Обратимся к логическому релятивизму. Условиями истинного вывода в логике являются: 1) истинность посылок и 2) соблюдение законов логики в процессе вывода. Если нарушаются законы логики, то даже из истинных посылок могут следовать ложные выводы, поэтому очень важно следование нормам рациональности и важен поиск противоречий в рассуждениях, ведь только таким образом возможно получение истинных суждений, опирающихся на знание физических объектов (сущностей), — получение объективной истины. Говоря об истинности научных суждений, нельзя забывать о таких ее важнейших характеристиках, как относительность и учет временного фактора. Суждение может быть истинным в одно время и ложным в другое, поскольку сущее движется и меняет бытие; также суждение может быть истинным относительно одного наблюдателя и ложным относительно другого, поскольку эти наблюдатели находятся в различных отношениях к изучаемой сущности, поэтому бытие этой сущности для них будет различным. Относительность истины не отменяет исходного принципа логики — истинное суждение всегда имеет денотат в сущем и адекватно ему, ложное же суждение такого денотата не имеет. Понятие «ложь» относится исключительно к семантике оценочных суждений об истине бытия. Ложь — это отрицание истины, то есть утверждение об отсутствии адекватности высказывания истинному положению дел. Имеется в виду отсутствие адекватности истине бытия как желаемому результату деятельности или как материальным условиям существования индивида и осуществления им деятельности. Релятивность (но не релятивизм!) истинности суждений неизбежна, так как любое суждение выражает некоторое отношение. Физика Ньютона истинна относительно макрообъектов с небольшими скоростями и ложна относительно мира элементарных частиц. Неправильно, на наш взгляд, прямолинейно онтологизировать истину, как, например, Фреге в следующем фрагменте: «Логика есть наука о наиболее общих законах бытия истины» [12, с. 307]. Это высказывание представляет истину как сущность, а не как отношение.

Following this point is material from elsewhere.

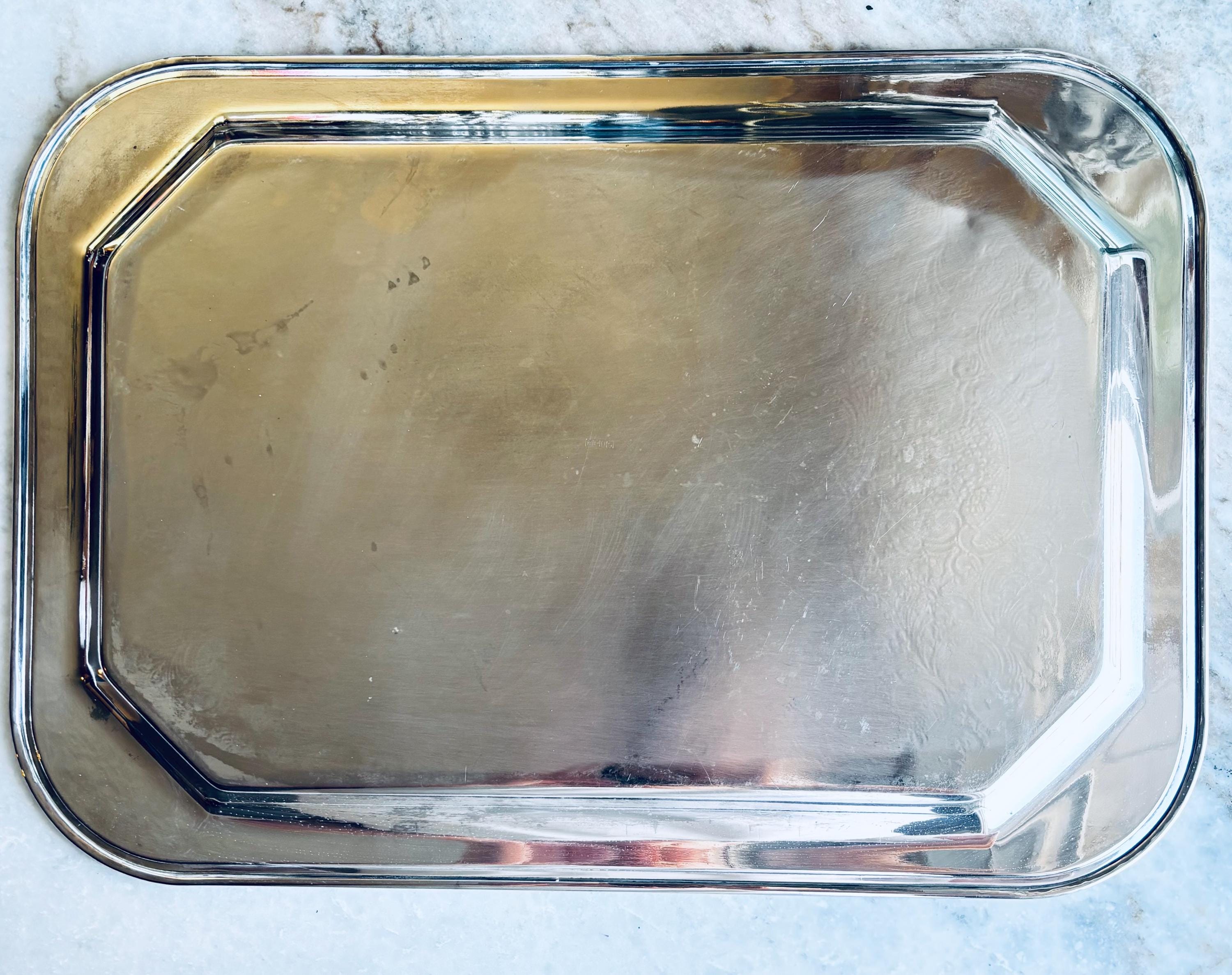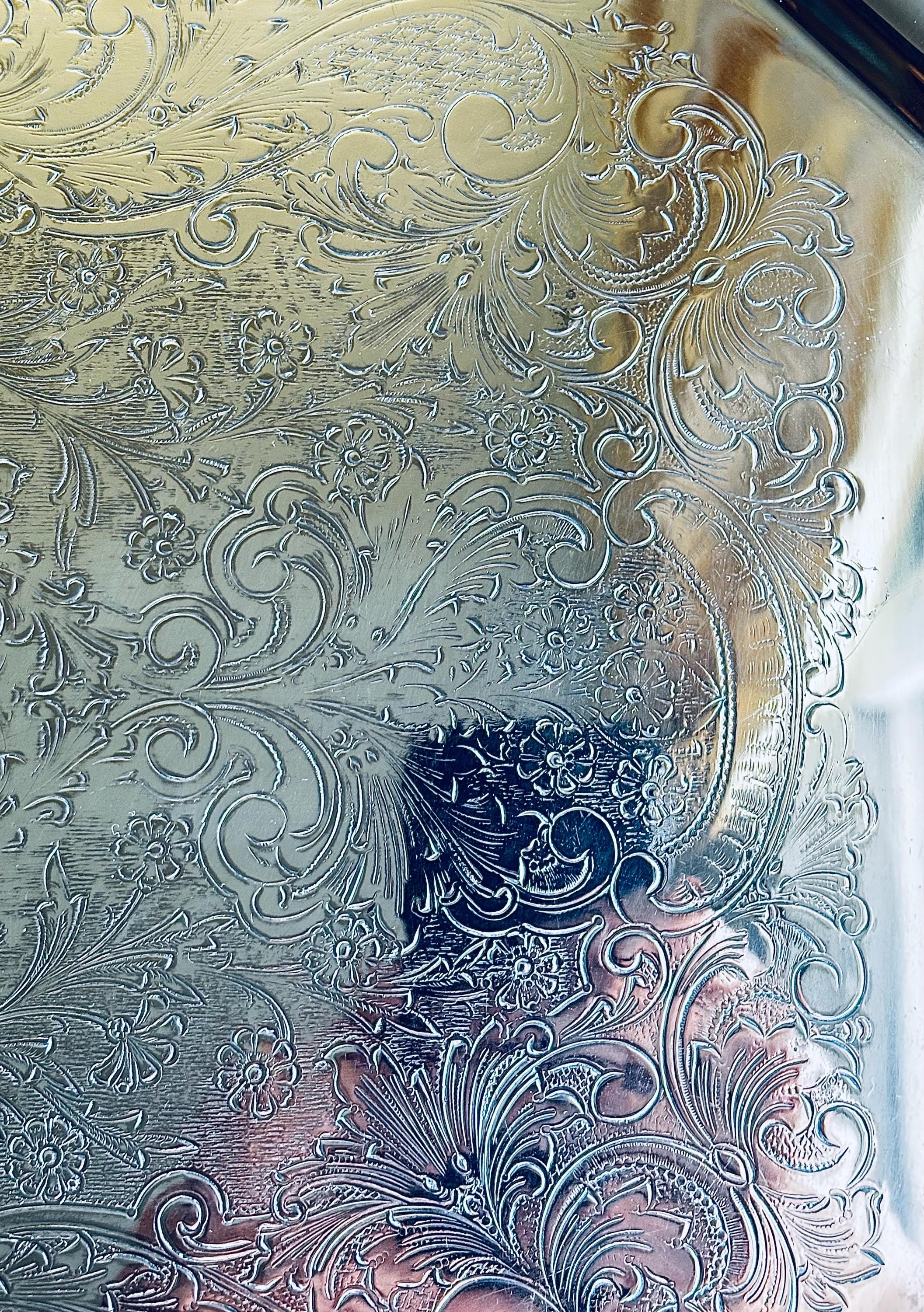Filled with etched ornate scrollwork throughout the surface, and rolled edges. Has a plain center for personalizing, if desired.
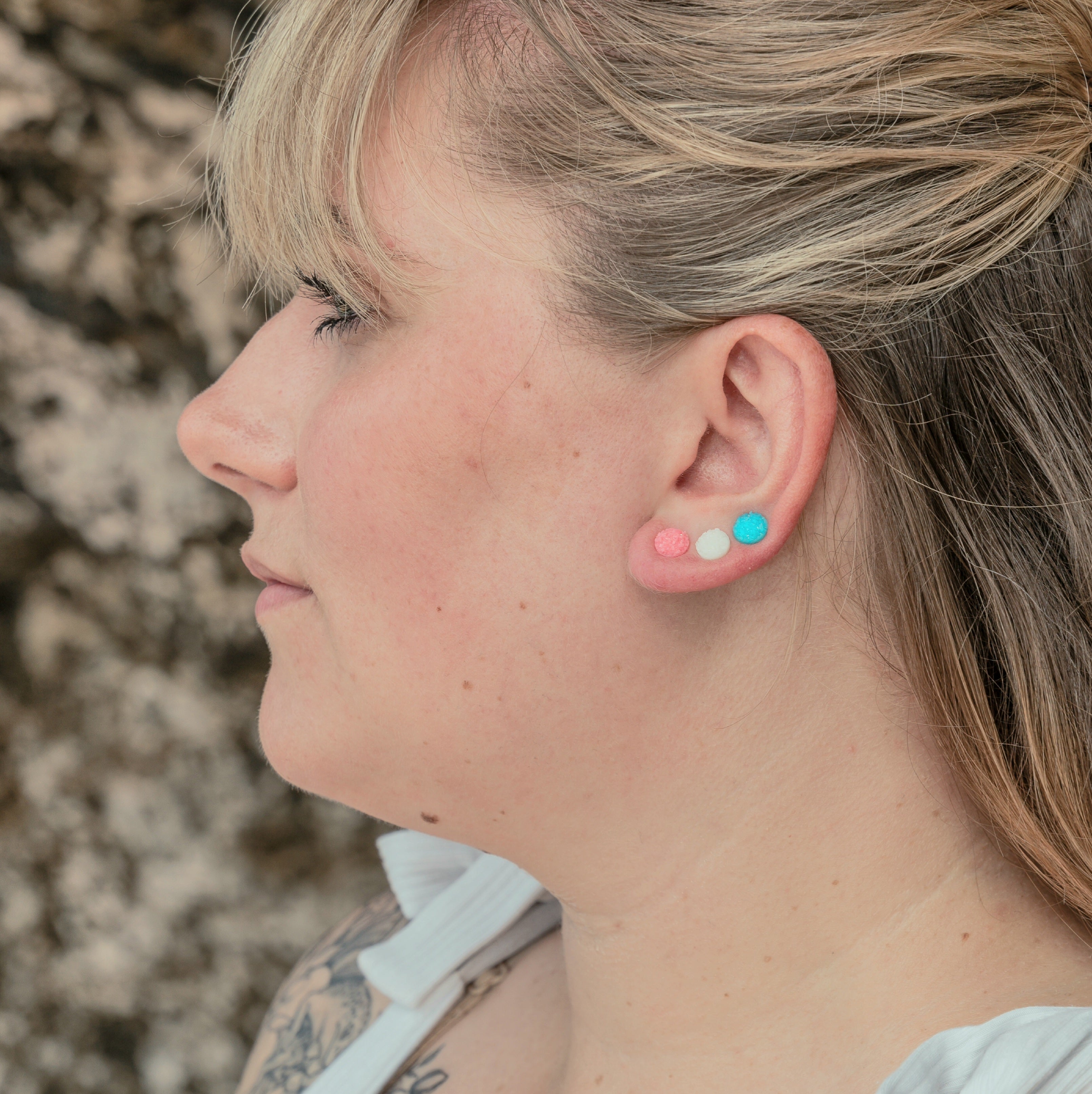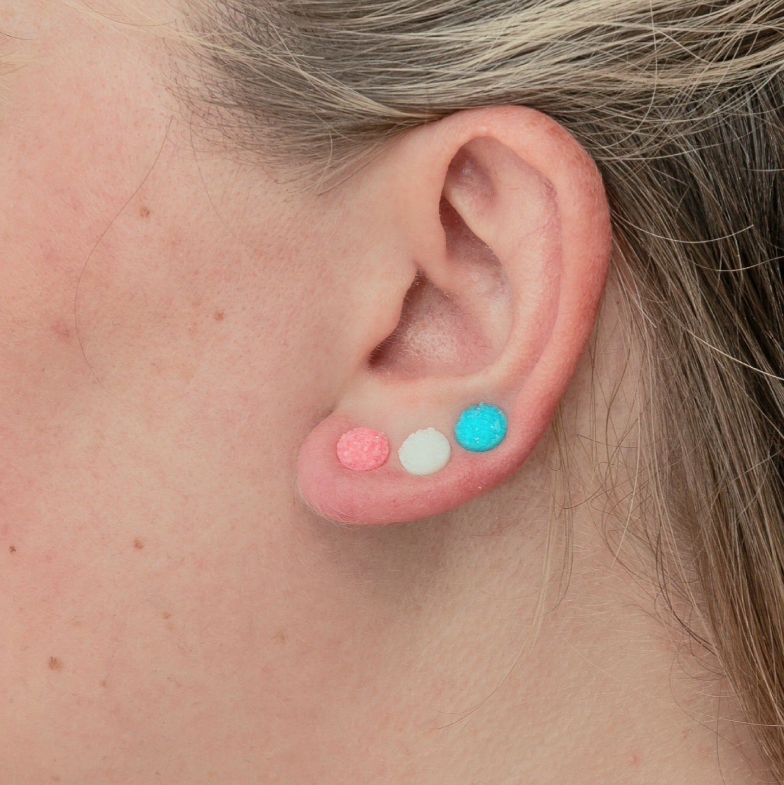 Introducing the Oh Baby Trio Matte, featuring three mini druzy studs in pink, white, and aqua. Get ready to sparkle with our first ever matte resin trio. Perfect for adding a touch of whimsy to any outfit!

Поэтому, на наш взгляд, следовало бы исправить словосочетание «законах бытия истины» на «законах истины бытия», поскольку такой подход подразумевает истину как телос деятельности.
Три фактора имеют определяющее значение при установлении истинности научного суждения: 1) интенции ученого, выражаемые в определенной точке зрения на объект исследования; 2) внешние факторы — исследуемые сущности, чьи свойства независимы от интенций и служат объективным основанием истинности суждений для компетентного исследователя и 3) временной фактор, ибо суждения об изменяющемся сущем в физике соотнесены с временными координатами (концепция пространственно-временного континуума современной физики). В одно время Сократ здоров, в другое болен, но он не может быть одновременно здоровым и больным, разве что только потенциально. Если суждение рассматривается вне указанных контекстов, то оно становится истинностно неопределенным, а поэтому бессмысленным. Вернее сказать, что бессмысленна сама верификация суждений вне этих контекстов. Значение суждения относительно, таким образом, к контексту его употребления, поэтому всякое суждение является «индексным». Попытки логических позитивистов придать индексным выражениям характер общезначимых не увенчались успехом. Не существует суждений истинных на все времена и для всех людей, если только они не относятся к абстрактным объектам, таким как числа или платоновские идеи. Мы фиксируем некое квантовомеханическое явление в данное время и в данном месте, но не в состоянии предсказать его изменение с абсолютной определенностью: все, что мы можем — это рассчитать вероятность таких изменений. В отличие от Картезия основатели квантовой механики не онтологизировали свое специфическое видение мира. В квантовой механике Бора, например, не допускается объективация представлений, сложившихся в результате обобщений экспериментов с микрообъектами. По мнению А.Б. Макарова, принцип дополнительности Бора «позволил физикам отложить спекулятивные и натурфилософские споры о природе квантовых объектов и сконцентрировать усилия на решении задач наличными на достигнутом физикой уровне средствами» [8, с. 108].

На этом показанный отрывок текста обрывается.